[WORK TO COMPLETE]:
Could you please output only the lines from the one holding "Modern Crystal LED" through the end of the listing below, exactly as written and without pictures?

[SOURCE DATA]:
···
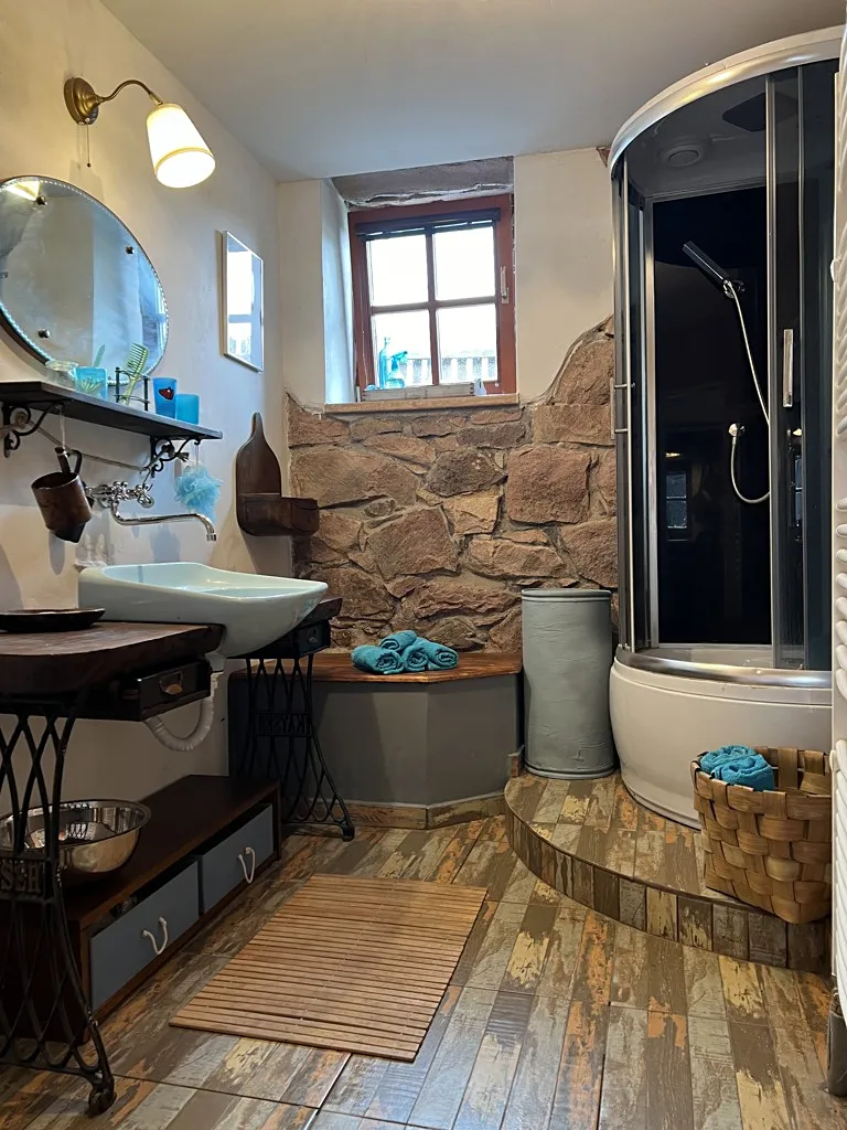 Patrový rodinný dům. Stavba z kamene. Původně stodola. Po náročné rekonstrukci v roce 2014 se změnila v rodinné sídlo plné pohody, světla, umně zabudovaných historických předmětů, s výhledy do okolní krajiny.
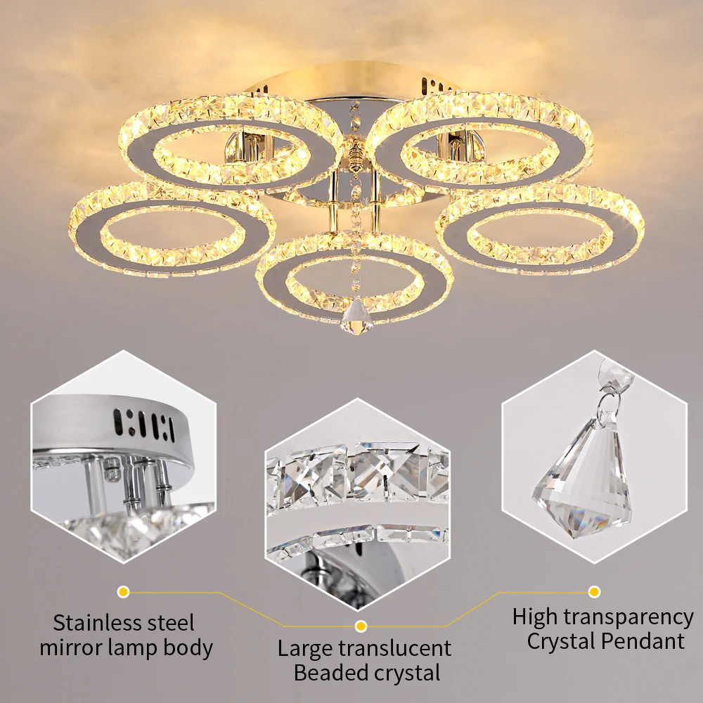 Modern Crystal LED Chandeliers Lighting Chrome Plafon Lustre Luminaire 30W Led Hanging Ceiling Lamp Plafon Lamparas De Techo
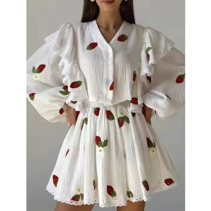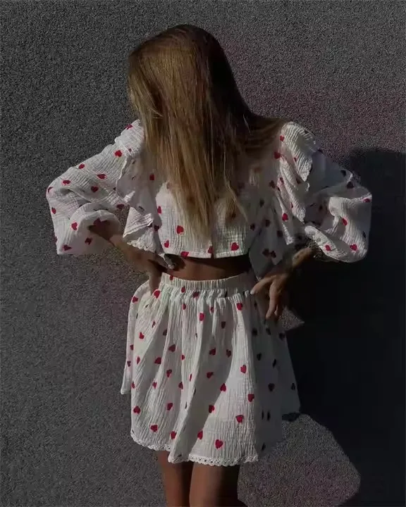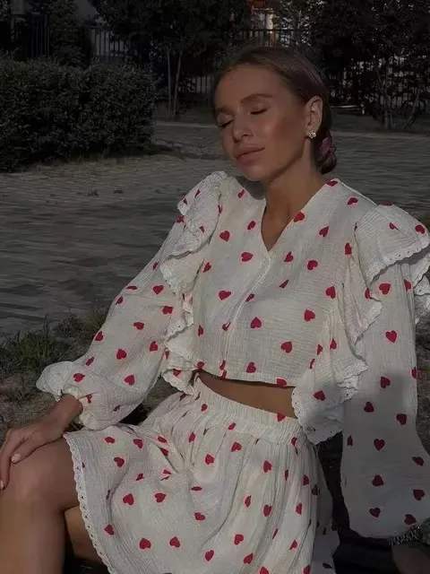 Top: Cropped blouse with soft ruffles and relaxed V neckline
···
[SOLUTION FOR THIS EXERCISE]:
 Modern Crystal LED Chandeliers Lighting Chrome Plafon Lustre Luminaire 30W Led Hanging Ceiling Lamp Plafon Lamparas De Techo
 Top: Cropped blouse with soft ruffles and relaxed V neckline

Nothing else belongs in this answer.